It is a statement all the more shocking for the calm voice in which Andre Visagie delivers it.
“People were very radical, in the sense that they want to go over to action. They want to prepare for war. They want to set an ultimatum: for every single one of our people who is killed by a black person, 30 black people should be killed, because we are 30 times fewer than they are.”
That, Visagie said, was the general consensus of the 100 or so people who gathered in Bloemfontein for a “nood volksvergadering”, or emergency meeting of the nation, which he had called to address the issue of farm murders, and the killing of white people in urban areas.
“People said the murders of more white people would be a declaration of war. They also said changing the Constitution to restrict press freedom and remove property rights would also be a declaration. They don’t want politics anymore. They don’t want to use legal avenues. Afriforum pushed the government into a corner through the courts, but the government can just change the law. They want revenge.”
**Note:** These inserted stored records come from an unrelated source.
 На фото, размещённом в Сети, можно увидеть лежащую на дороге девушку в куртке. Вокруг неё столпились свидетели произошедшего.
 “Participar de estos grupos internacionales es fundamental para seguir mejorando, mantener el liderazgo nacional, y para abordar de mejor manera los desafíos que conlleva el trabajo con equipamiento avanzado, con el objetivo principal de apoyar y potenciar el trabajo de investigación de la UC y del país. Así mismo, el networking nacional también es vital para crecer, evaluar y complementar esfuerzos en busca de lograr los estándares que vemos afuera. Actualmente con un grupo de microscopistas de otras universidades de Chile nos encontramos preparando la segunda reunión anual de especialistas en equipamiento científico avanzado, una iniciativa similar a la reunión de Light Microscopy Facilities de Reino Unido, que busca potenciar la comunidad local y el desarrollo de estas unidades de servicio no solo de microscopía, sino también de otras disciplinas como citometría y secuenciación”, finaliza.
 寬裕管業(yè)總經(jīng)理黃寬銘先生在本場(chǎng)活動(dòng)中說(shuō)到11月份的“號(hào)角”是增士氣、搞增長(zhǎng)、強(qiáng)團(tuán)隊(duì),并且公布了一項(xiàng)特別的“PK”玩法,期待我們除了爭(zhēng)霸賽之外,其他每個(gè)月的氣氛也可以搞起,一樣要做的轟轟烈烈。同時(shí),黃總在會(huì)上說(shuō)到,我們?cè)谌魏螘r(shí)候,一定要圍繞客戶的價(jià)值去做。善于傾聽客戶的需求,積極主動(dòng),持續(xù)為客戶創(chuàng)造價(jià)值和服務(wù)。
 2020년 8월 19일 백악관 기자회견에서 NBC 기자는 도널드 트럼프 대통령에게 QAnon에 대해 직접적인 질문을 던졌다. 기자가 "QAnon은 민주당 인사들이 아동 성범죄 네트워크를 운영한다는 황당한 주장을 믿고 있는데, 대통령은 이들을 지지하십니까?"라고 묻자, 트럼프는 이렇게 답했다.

Visagie, the leader of the Afrikaaner Weerstandsbeweging (AWB) for a short period after the murder of Eugene Terre’Blanche, is perhaps best known for the “don’t touch me on my studio” incident that followed. He is also the leader of the Geloftevolk Republikeine, (Covenant People Republicans) which considers itself the last over-arching body where many hundreds of militant and far-right groups can hold discussions — and even he is worried about what he heard from his audience.
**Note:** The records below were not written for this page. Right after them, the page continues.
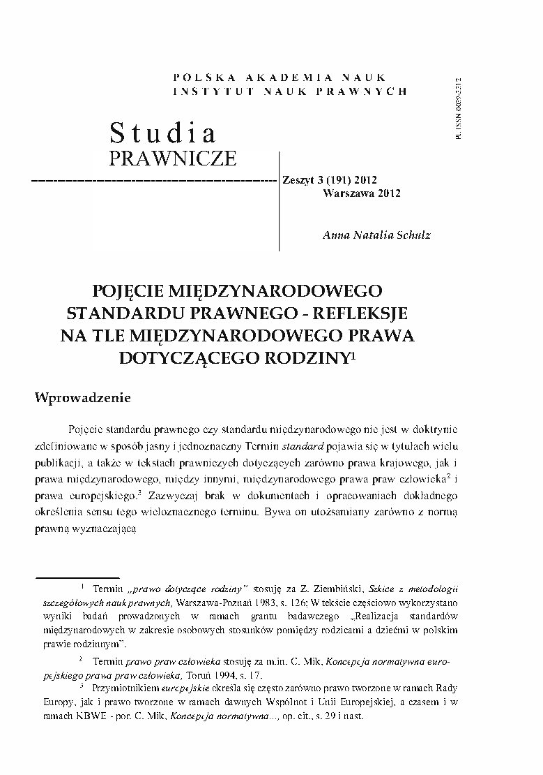 Pojęcie międzynarodowego standardu prawnego - refleksje na tle międzynarodowego prawa dotyczącego rodziny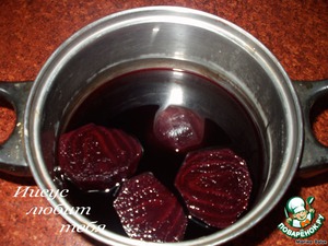 • Для начала отвариваем почищенную свеклу. Таким образом у нас получается свекольный бульон.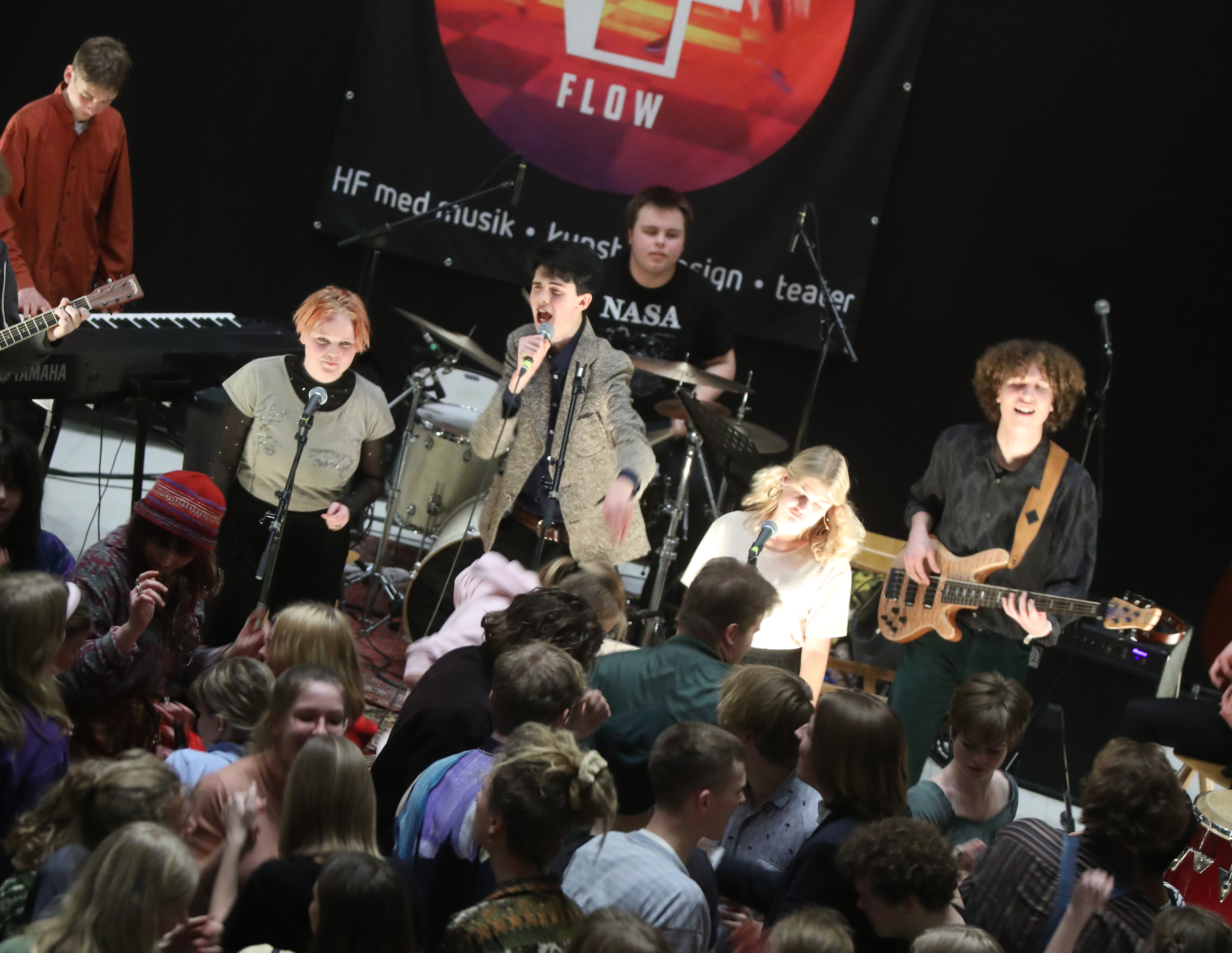 På FLOW MUSIK kommer du til at lære musikkens sprog grundigt at kende; det skriftlige, det mundtlige og så selvfølgelig på dit instrument. “The sky is the limit”, du kan blive lige så god som talent og øve-disciplin rækker, for vi har til enhver tid en lærer, der kan udfordre dig. Vi udfordrer dig også til at skabe din egen musik sammen med andre, til at lære at spille nye genrer og indgå i nye fællesskaber.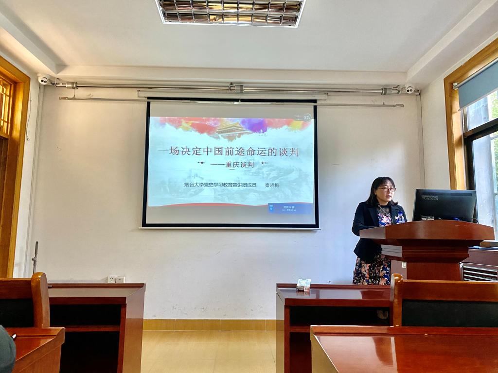 与思政教育相结合,注重用好党史“教科书”。学院邀请学校党史教育宣讲团成员秦晓梅为经管师生讲思政课,以“重庆谈判”这一历史事件为切入点,带领大家深度领会中国共产党建立的复杂过程和伟大意义,学习共产党领袖高瞻远瞩、运筹帷幄,以勇毅睿智的决断部署领航定向的崇高思想境界和浩然革命正气,引导广大师生自觉感党恩听党话跟党走。

“Some people came from very far, from all over the country,” he said about the short-notice meeting. “That may mean that we had a more radical element here.” Whether the group was representative of broader feeling or not, however, it represents an unequivocal threat of race-based murder, and Visagie said he does not know how to deal with that.
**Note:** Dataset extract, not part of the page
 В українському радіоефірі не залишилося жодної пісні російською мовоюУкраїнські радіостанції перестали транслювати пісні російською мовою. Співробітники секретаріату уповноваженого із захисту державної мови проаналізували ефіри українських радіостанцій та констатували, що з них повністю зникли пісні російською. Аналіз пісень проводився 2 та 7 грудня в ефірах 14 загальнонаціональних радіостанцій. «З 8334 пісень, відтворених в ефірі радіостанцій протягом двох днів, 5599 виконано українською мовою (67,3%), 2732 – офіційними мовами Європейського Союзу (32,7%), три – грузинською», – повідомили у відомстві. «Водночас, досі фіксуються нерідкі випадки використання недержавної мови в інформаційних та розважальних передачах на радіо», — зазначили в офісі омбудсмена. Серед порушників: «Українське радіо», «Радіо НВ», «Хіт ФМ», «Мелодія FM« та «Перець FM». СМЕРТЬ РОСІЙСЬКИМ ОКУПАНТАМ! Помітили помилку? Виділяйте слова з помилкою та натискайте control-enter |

“At this point I’m sitting with my head in my hands. If there is a wave of murders of white people by black people now, then I guarantee you there is no way we could stop the violence that would follow. We need another outlet, some way to put people at their ease so they will be more tolerant.”
One avenue — albeit one that would likely make the police more than a little nervous — would be marches, intended to show just how frustrated (and close to violence) some Afrikaans-speaking white people are. But because white people who associate themselves with the far-right cause would be victimised, Visagie said, his group is obtaining legal opinion on whether participating in marches while wearing balaclavas would be legal. He admits such gatherings could be dangerously explosive, but said there are worse things.
The Geloftevolk Republikeine, which take their name from a vow Voortrekkers made to God in return for protection from a Zulu attack, is due to discuss the outcome of the meeting at a top management meeting of its own on the weekend. The group has lodged hate-speech complaints with the South African Human Rights Commission, saying President Jacob Zuma’s singing of the infamous “kill the boer” amounts to inciting murder. It is also concerned about what it describes as a “private ANC army”, and is agitating for a sunset clause for black economic empowerment in employment.
The South African Police Service recently said it kept a close eye on right-wing groups that could be capable of violence.
However, academics and other analysts have largely discontinued monitoring the far right, because it has not been considered a true threat to national security or stability for some time.